Those who’ve heard me rant about dualism in contemporary theological understanding need not worry. This post is nothing to do with my usual witterings on the subject. Rather, it’s a reflection on how I am finding my ministry developing.
My charge is a linkage and I’m perfectly happy with that. I very much enjoy the variety and differences a linkage brings to ministry. But perhaps in my naive and unprepared way, I wasn’t expecting to deal with two such quite distinct ministries. A union, even one with two centres of worship, has the ‘advantage’ (and I use that word very advisedly) that the office bearers are generally heading in the same direction for the ‘whole’ charge. Perfectly understandable when it’s the same body of people. Linkages, I am discovering, don’t work that way.
I suppose I should have realised. After all, why shouldn’t each congregation be quite distinctive? Each serves a different community. Each has an entirely different make-up of congregation.
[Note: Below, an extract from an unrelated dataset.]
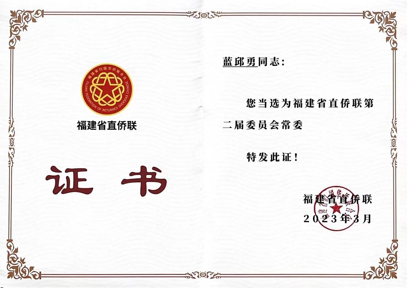 蓝邱勇当选福建省直侨联第二届委员会常委

And each has an entirely different group of people determining the direction they are headed.
Like I said, that’s great in terms of offering a broader scope of activity and challenge to any minister than they might find in a single congregation, or even a multi-site union. But it leaves me feeling ever so slightly schizophrenic. I am the same minister in both places. Indeed they get the same service in both places. And yet I feel like I’m two entirely different people at times.
In part that is due, I think, to the different focus I think each congregation has. That difference is, I’d say, down to the quite different demographic of each congregation; and so it’s natural that each would wish to do things that meet the needs of the particular congregation, and are supportable by the abilities of each.
That then means a mental shifting of gears when making suggestions or offering direction to whichever congregation I’m engaged with at the time. That welcome variety though also means an increase in workload. And maybe that’s the root of the feeling. In trying to optimise my time for both congregations, I’ve started off on the wrong basis. Perhaps if I had acknowledged the different starting points from the beginning then I would be feeling this ministry dualism now.
But, better late than never, and it is, to be fair, early days. Maybe over time the split personality feeling will disappear and it will simply be ‘natural’ to be doing different things with different groups.
One place that will begin to tell, I think, is in the preaching. In the past, as I’ve built relationships, my preaching has become more ‘pastorally sensitive’. (Although, in the past that’s also often been because of the slow come-down from academic mode into placement mode.) That, I think, is beginning to happen again, so it’ll be interesting to see whether I can sustain the same sermon in each place.
That all said, there is a good lesson to be drawn from the local team ministry (WAAM – West Angus Area Ministry): do together the things that make sense to do together, do separately the things that make sense to do separately.
Over time, as I get to know both congregations then it will, I believe, start to become a ‘whole’. Not in the sense of everyone doing the same thing, but in the sense that it all fits together. I’m reminded of a phrase oft-used in a slightly different context: unity doesn’t mean uniformity; diversity doesn’t mean division.